O longo percurso para se chegar à vacina contra a febre amarela no Brasil

Por Juan Mattheus Costa

A forma mais eficaz de prevenção da febre amarela é por meio da vacina, que para chegar ao modelo atual passou por diversas pesquisas, que iniciaram com uma simples questão: qual o agente causador da doença? De acordo com o professor do Programa de Pós-Graduação em História das Ciências e da Saúde da Casa de Oswaldo Cruz, Jaime Larry Benchimol, autor de Febre amarela a doença e a vacina, uma história inacabada, diversos médicos e cientistas, entre os séculos XIX e XX, debruçaram-se sobre a questão.

Benchimol cita nomes que contribuíram para as pesquisas da vacina, como o catedrático de química orgânica na Faculdade de Medicina do Rio de Janeiro, Domingos José Freire, que criou a primeira vacina no Brasil, ao usar injeções de salicilato de sódio, um anti-séptico e antipirético, que ganhou reconhecimento internacional; e do médico João Batista de Lacerda, famoso por ter seus estudos usados para a formulação do soro antiofídico e teorizado que a febre amarela era causada por um fungo.

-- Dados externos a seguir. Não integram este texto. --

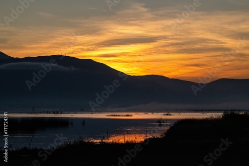 Obraz premium Sunrise golden hour over a lake with reflections and hills

Outros nomes que marcaram a pesquisa sobre a febre amarela foram Francisco Fajardo, Eduardo Chapot Prévost, Carlos Seidl e Oswaldo Cruz.

“As controvérsias a respeito do germe e do germicida envolveram médicos convencidos de que a febre amarela era produto de miasmas, de algum outro envenenamento químico ou, ainda, de fermentos inanimados; alopatas e homeopatas que propunham tratamentos rivais; doentes que os endossavam ou criticavam; e cronistas que escreviam com muito humor sobre as experiências feitas pelos médicos na capital brasileira”, conta o professor.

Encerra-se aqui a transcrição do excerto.